▶ _PROBLEM STATEMENT_: Give back the lines of the entries below exactly as written, from the first line to the line holding "HOODIE E THJESHTE", both included, with the pictures omitted.

= = = =

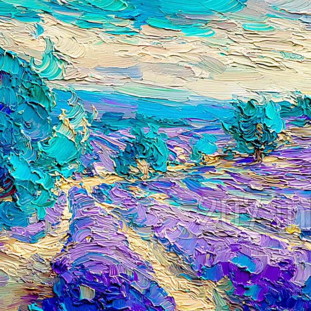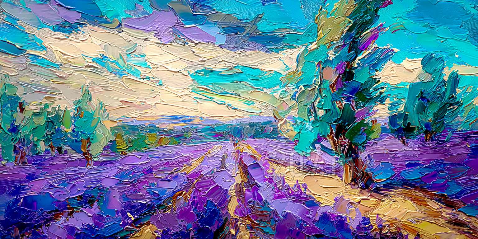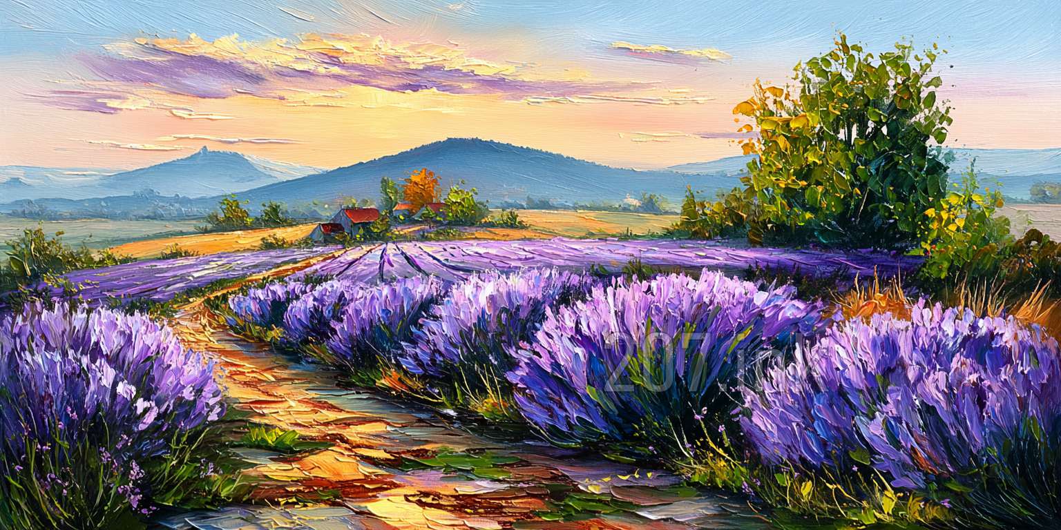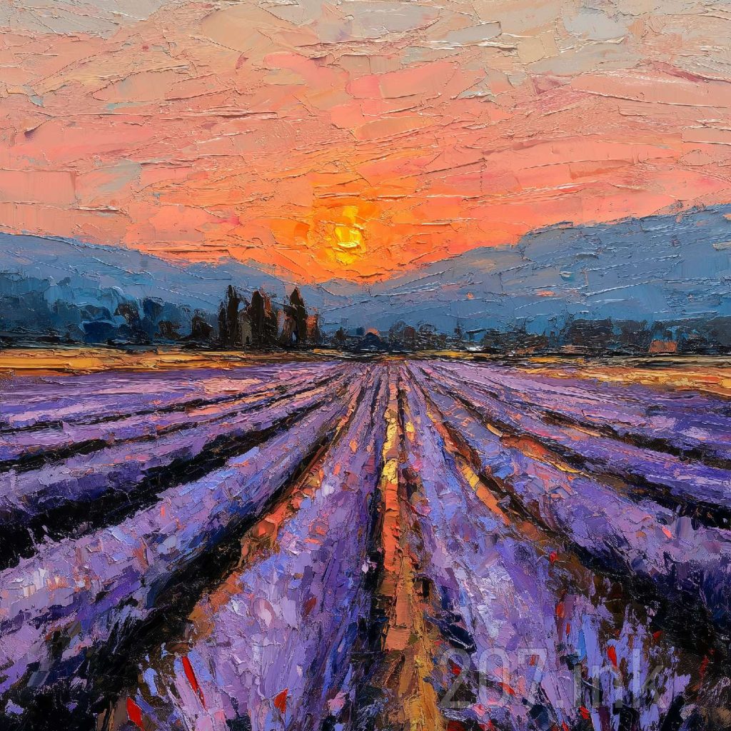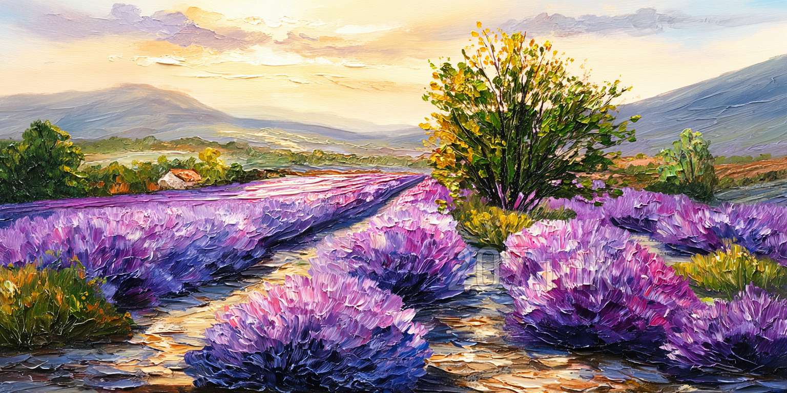 印象油画《阳光洒满的薰衣草田》
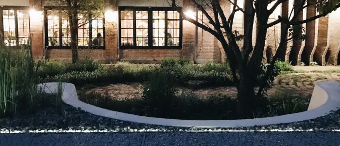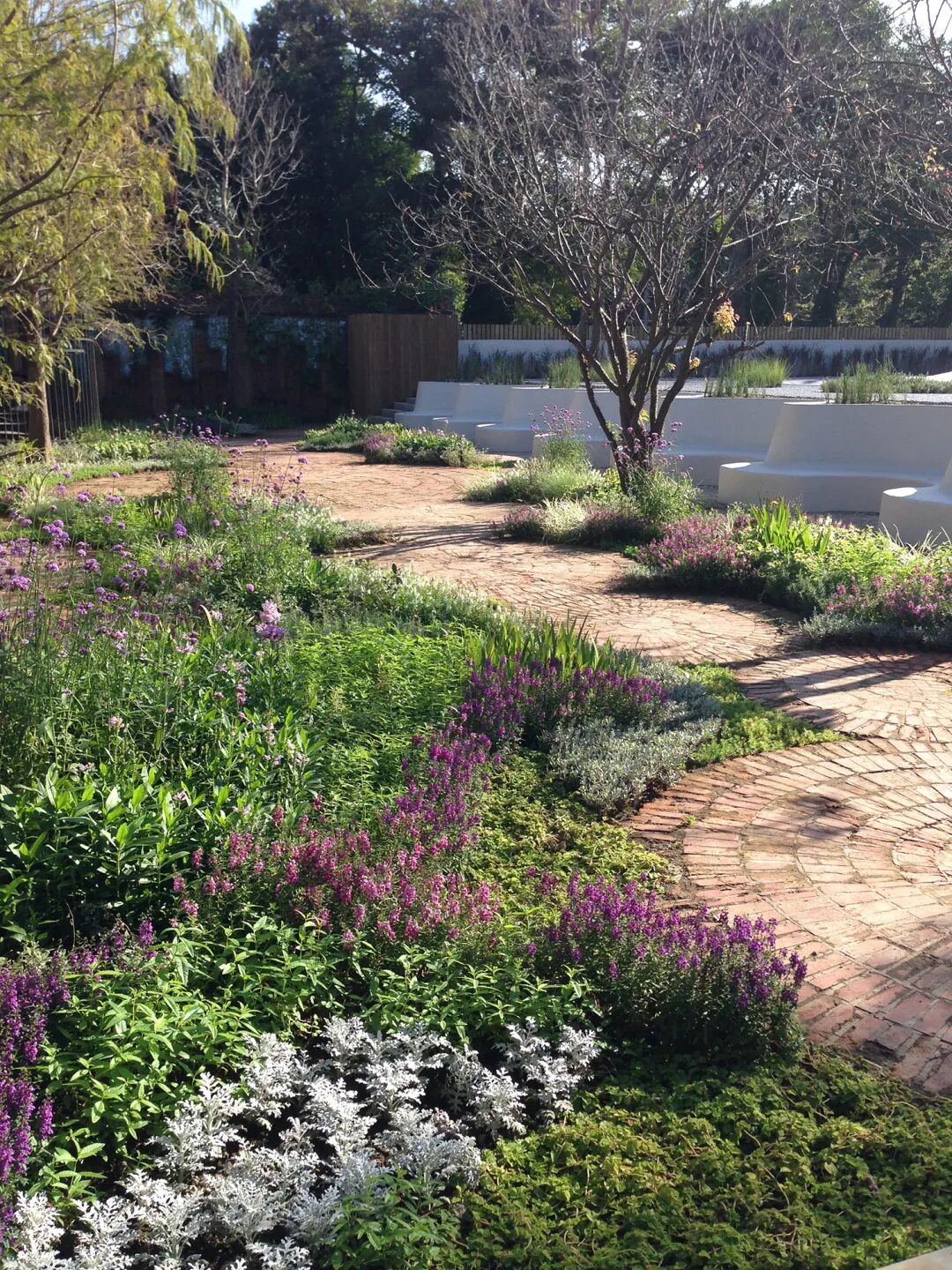 Cherry trees and indigenous species shrubs emerging from the red-brick surface and the curved bench look just like public art emerge into the landform.
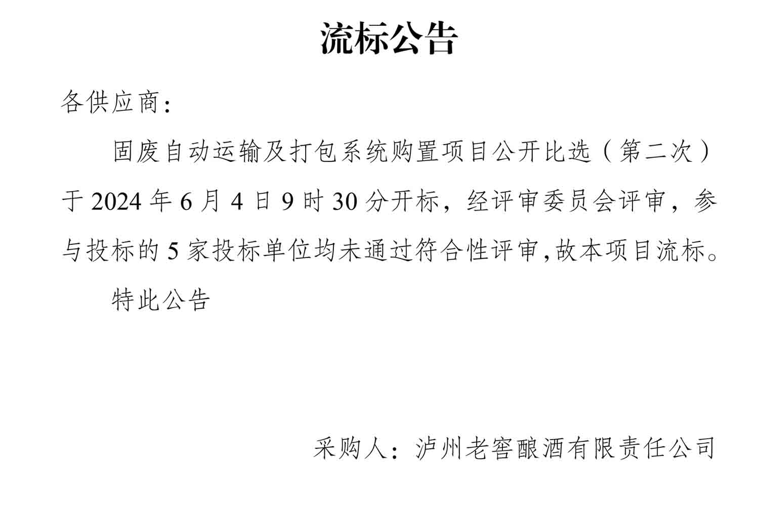固废自动运输及打包系统购置项目公开比选(第二次)流标公告
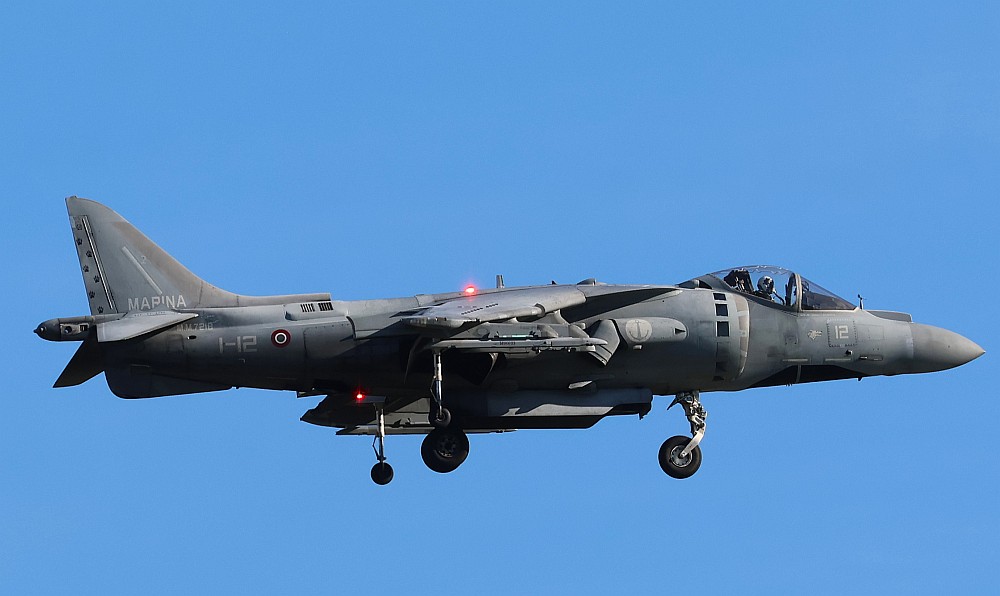 Der AV-8B Harrier der italienischen Marineflieger, ein senkrechtstartfähiger Jagdbomber.
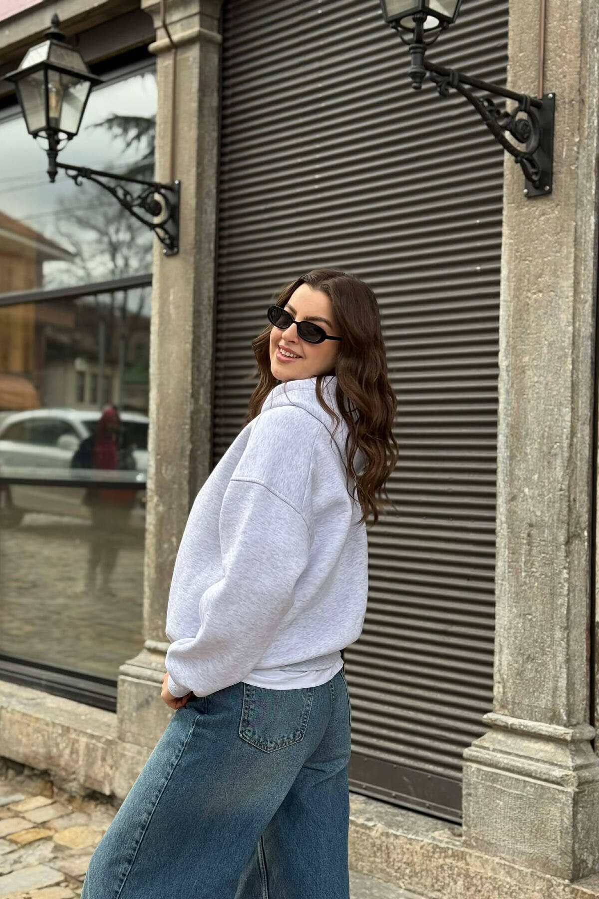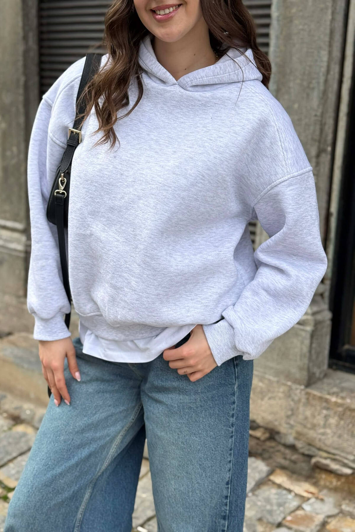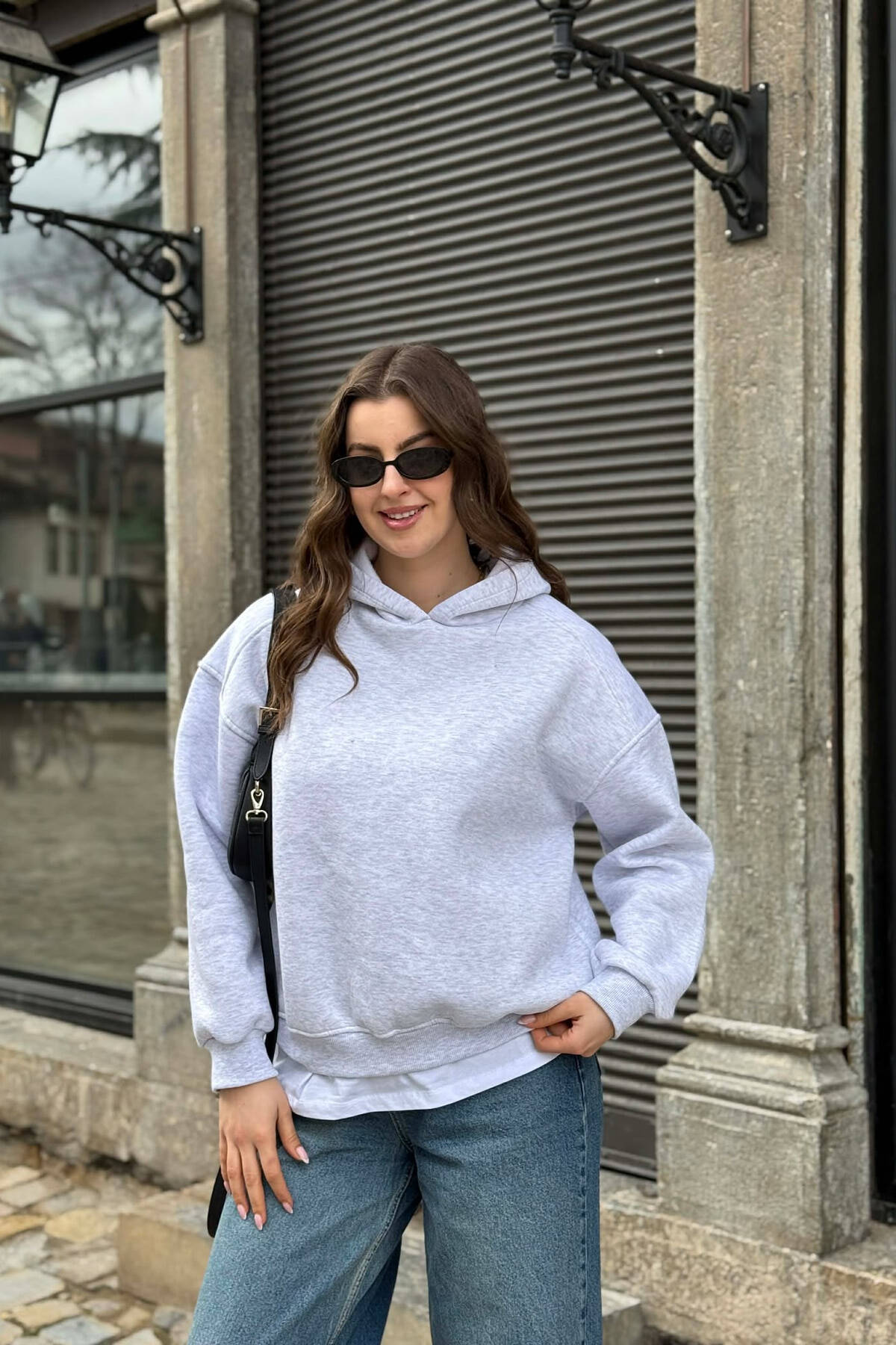 HOODIE E THJESHTE NJE NGJYRESHE PER FEMRA NE NGJYRE GRI TE ZBARDHUR
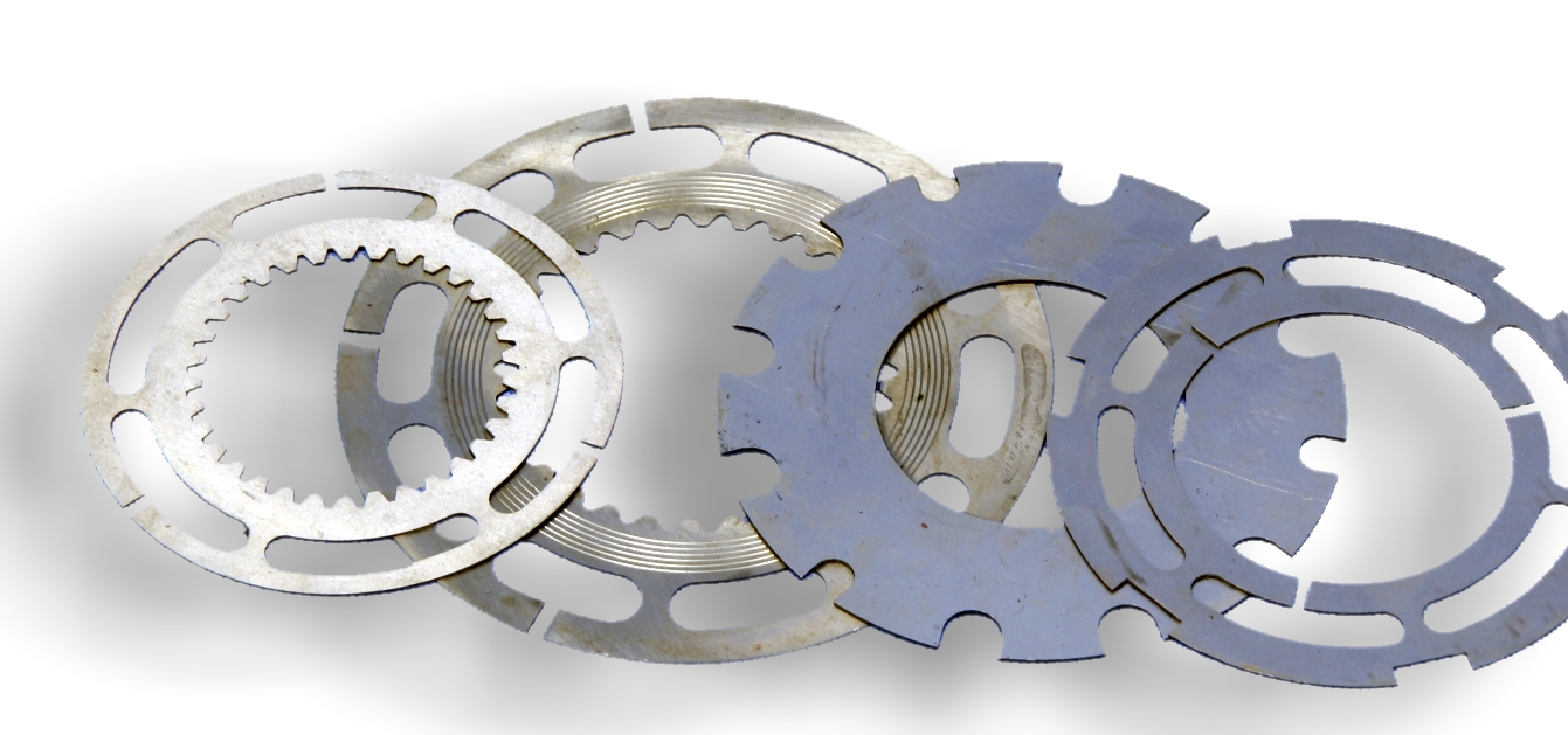 Kupplungslamellen und Bremsscheiben dienen zur Übertragung des Drehmoments vom Antriebsteil auf den angetriebenes Teil des Geräts. Sie werden in Kupplungen und Bremsen eingesetzt, die je nach Art der Kompression des Lamellenpakets in elektromagnetische, mechanische, hydraulische und pneumatische unterteilt werden. Bei Überlastkupplungen werden die Lamellen durch Federn zusammengedrückt. Ihre Reibflächen können mit Metall-Keramik-Sinter oder mit organischen Belägen belegt sein, um die Betriebstemperatur, die dynamischen Eigenschaften und die Höhe des übertragenen Drehmoments zu verändern.
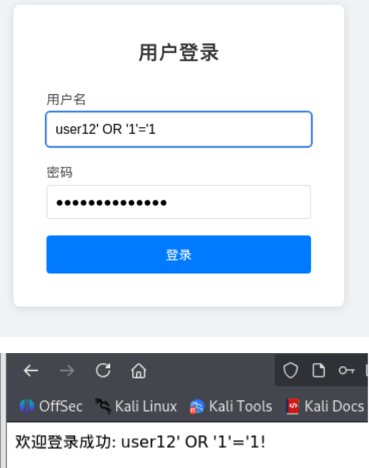 当攻击者已知用户名时,可在密码框注入' OR '1'='1。这使得后端拼接的SQL查询条件由验证特定密码,转变为AND pwd='' OR '1'='1'。由于'1'='1'恒成立,整个WHERE子句返回值恒为真,导致攻击者无需密码即可登录。
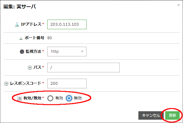 実サーバの設定情報編集画面が表示されるので、最下部の「有効/無効」ボタンいずれかを選択し、「更新」ボタンをクリックして閉じます。
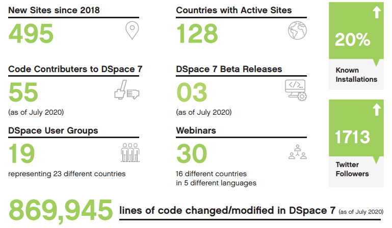 Nos últimos 18 meses, foram feitos progressos no desenvolvimento e lançamento do DSpace 7, que se encontra agora em Beta (DSpace 7.0 Beta 3). Construir e sustentar uma Comunidade forte é um objetivo estrutural para o DSpace Program, tendo por base representantes de organizações membro que planeiam, implementam, desenvolvem e sustentam o software com contributos de diversos grupos de trabalho.
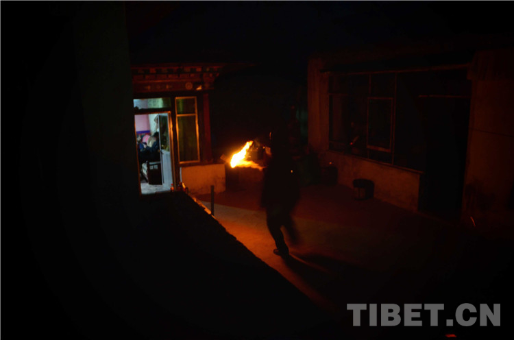 酒足飯飽后,“驅(qū)鬼”儀式開始。家人們一起各自用糌粑從頭到腳觸碰一遍、捏下手印后,與故意吃剩的一點古突扔進(jìn)驅(qū)鬼盤,寓意將身心中的病痛與不詳全部拋掉。隨后查斯點燃火把,一邊喊著“所有妖魔都出去”,一邊手持火把跑往所有屋子各掃幾下,拿著火把和驅(qū)鬼盤到交叉路口焚燒掉。一路狂奔,且不能回頭。
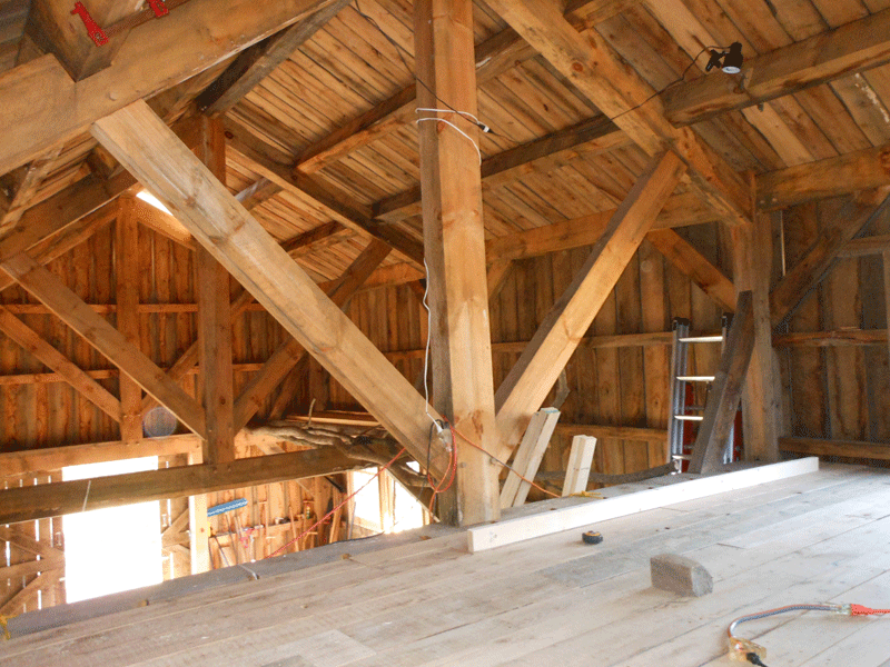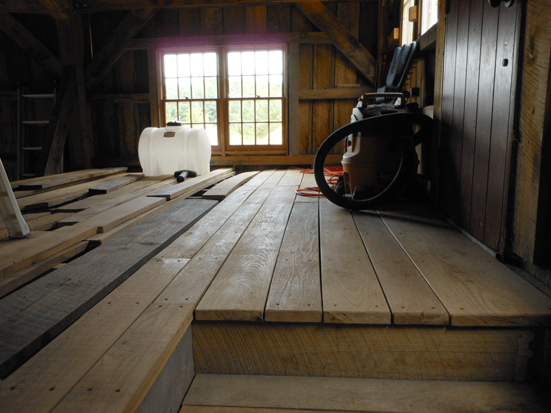 This fall and winter, our major job has been completing the floor in the loft of the barn so that we can move most of the things that have made their home on the barn floor up and out of the way.  The barn floor will become the timber framers’ workshop.  Our builder wants to start shaping timber frames this January.

= = = =

▶ _EXERCISE ANSWER_:
 印象油画《阳光洒满的薰衣草田》
 Cherry trees and indigenous species shrubs emerging from the red-brick surface and the curved bench look just like public art emerge into the landform.
固废自动运输及打包系统购置项目公开比选(第二次)流标公告
 Der AV-8B Harrier der italienischen Marineflieger, ein senkrechtstartfähiger Jagdbomber.
 HOODIE E THJESHTE NJE NGJYRESHE PER FEMRA NE NGJYRE GRI TE ZBARDHUR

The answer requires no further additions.